DNA Decay Rate Evaluated

How long recognizable biomolecules can persist after death is relevant in fields ranging from forensics to paleontology. While a number of fossils believed by evolutionists to be millions of years old have yielded proteins such as collagen and keratin, DNA has been more elusive. DNA-bearing soft tissue found in fossils has generally been considered a contaminant, leaving the acquisition of DNA from the “deep time” of dinosaurs in the realm of science fiction such as Jurassic Park.

Harvard physicist Michio Kaku recently expressed hopes that evolutionary extrapolation might provide an alternative non-DNA requiring route to produce a DNA dino-likeness. He was thus acknowledging the unlikelihood of recovering DNA from ancient dinosaurs.1 But how long could sequenceable DNA last?

After death, the absence of cellular DNA-repair mechanisms allows unchecked cleavage of chemical bonds. Bacteria also destroy DNA. However, water is thought to be the greatest factor promoting DNA strand cleavage. Therefore, paleogeneticists led by Morten Allentoft and Michael Bunce set out to see whether DNA decays at a predictable rate. DNA decay does follow an exponential decay pattern in human tissues within twenty days after death, but does that pattern continue over decades, millennia, and millions of years?

Temperature, the chemical conditions during fossilization and preservation, the presence of bacteria, and even duration of storage after excavation are all factors that could complicate this question. The researchers examined the DNA in 158 leg bones from moa, extinct giant birds. The bones were excavated over the past 70 years from three sites in New Zealand. The sites are close to each other, and the fossils are all believed to have been preserved under nearly identical conditions at a temperature of 13.1 ºC (55.6 ºF). Radiocarbon dates for the bones suggest ages ranging from about 600 to 8,000 years.’2

By measuring the length of remaining mitochondrial DNA fragments, the team calculated the half-life of meaningfully sequenceable DNA.

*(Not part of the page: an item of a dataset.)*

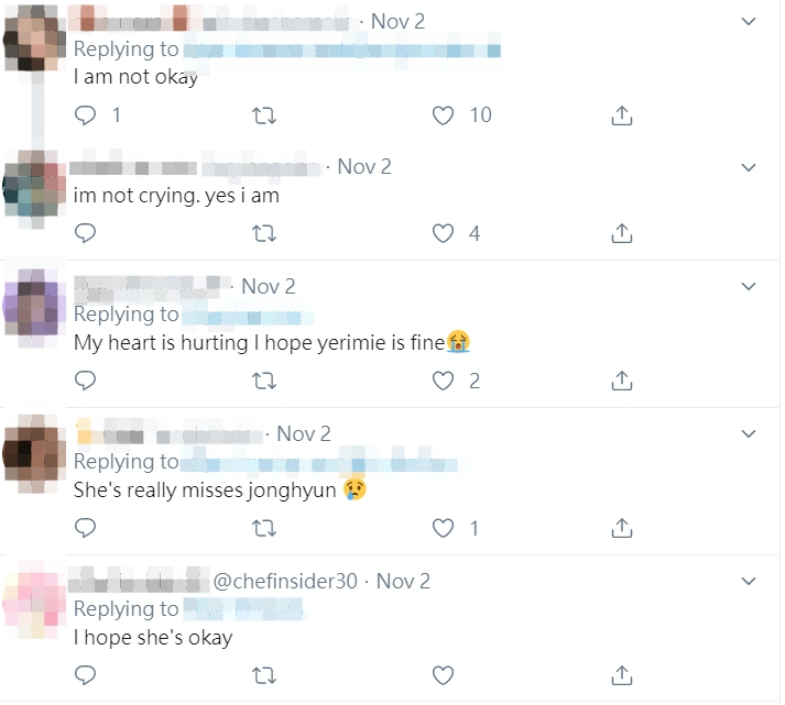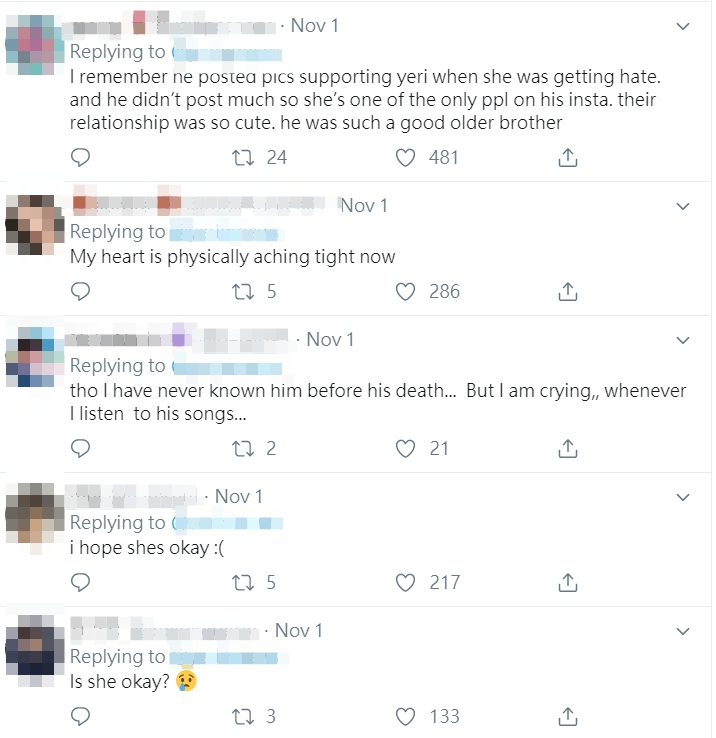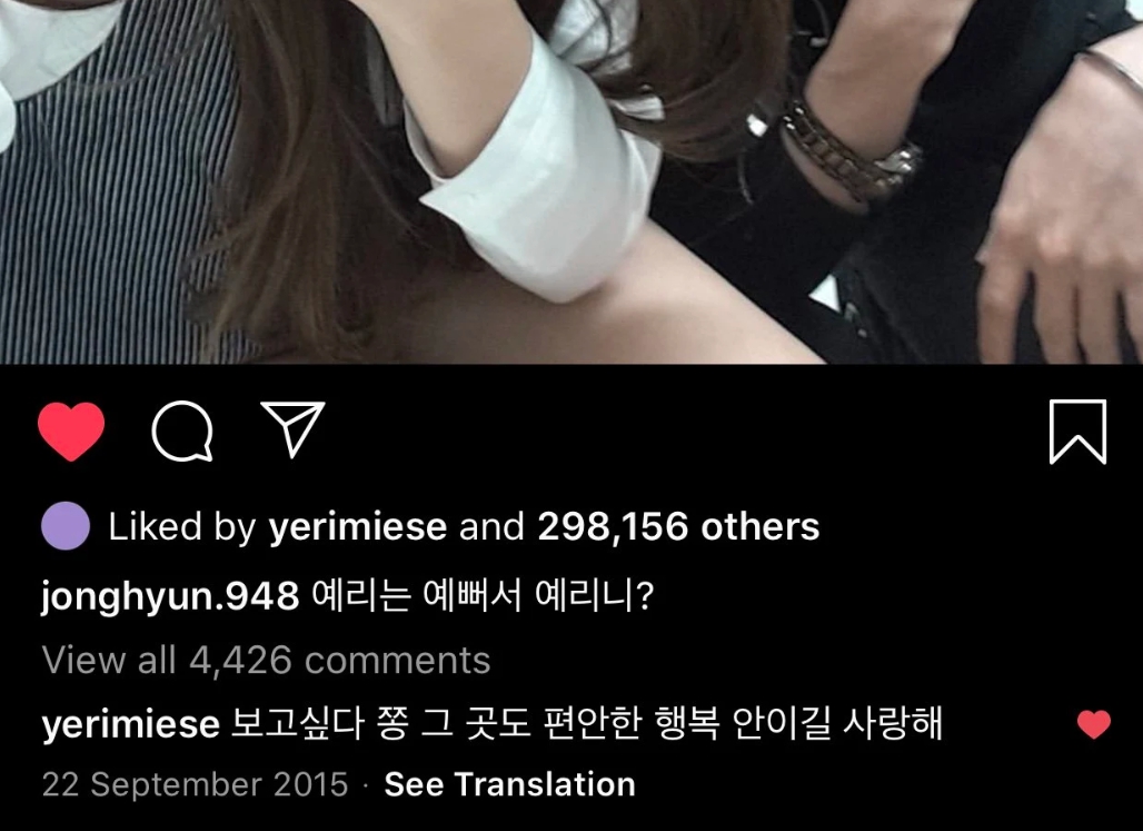 在10月底時,有粉絲注意到Yeri到鐘鉉instagram裡的兩人合照上按讚,並且留言「我想你,希望您感到舒適和快樂,我愛你。」令粉絲十分不捨又擔心,也紛紛在推特上留言表示「我的心好痛,我希望Yeri好好的」、「她真的很想念鐘鉉」、「我希望她還好」、「我覺得好難過」、「他們的關係真好,他是一個好哥哥」。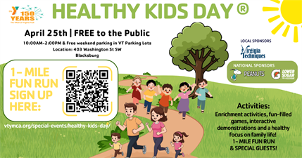 This year on April 25th, the YMCA at Virginia Tech will celebrate the 34th anniversary of Healthy Kids Day®, a national initiative to improve the health and well-being of kids.

By measuring the length of remaining mitochondrial DNA fragments, the team calculated the half-life of meaningfully sequenceable DNA. DNA half-life for a 242 base pair strand was 521 years, indicating a decay rate about 400 times slower than predicted. The researchers suspect that nuclear DNA decays considerably faster. They also reported that despite the rough correlation to radiocarbon-determined ages, there was a great deal of variation, possibly due to varying conditions during the process of fossilization. Nevertheless, extrapolating their calculations to other possible scenarios, they suggest that soft tissue preserved at –5 ºC might harbor DNA fragments about 30 base pairs long for considerable lengths of time, possibly allowing preservation of a meaningful amount of DNA in million-year old specimens, but not 65–million-year-old ones.’3

DNA certainly can last as long as Neanderthals and Denisovans, for their DNA has been recovered and sequenced. Evolutionists are convinced that dinosaurs became extinct 65 million years ago and therefore never lived at the same time as humans. However, the Neanderthal and Denisovan teeth and bone that have yielded DNA for analysis represent Ice Age people preserved since the time of the global Flood. The dinosaur fossils we have typically were buried during the global Flood and thus were preserved under different conditions that those of the ancient humans. The conditions of preservation, as the authors note, can greatly affect the rate of degradation. Thus, even though biblical history tells us that animals (which include dinosaurs) and humans were created about 6,000 years ago, we would not be able to reasonably predict preservation of dino-DNA.

The calculation of a “half-life” for DNA, while a useful figure to keep in mind, is dependent on the assumptions affecting interpretation of radiocarbon dates. Extrapolation of that number backwards in time rests on the uncertain knowledge of the conditions of preservation as well as the assumptions affecting the radiometric dates by which future specimens are calculated. Thus, age estimates based on the degree of DNA preservation, sure to come in the future, will need to be taken with a grain of salt.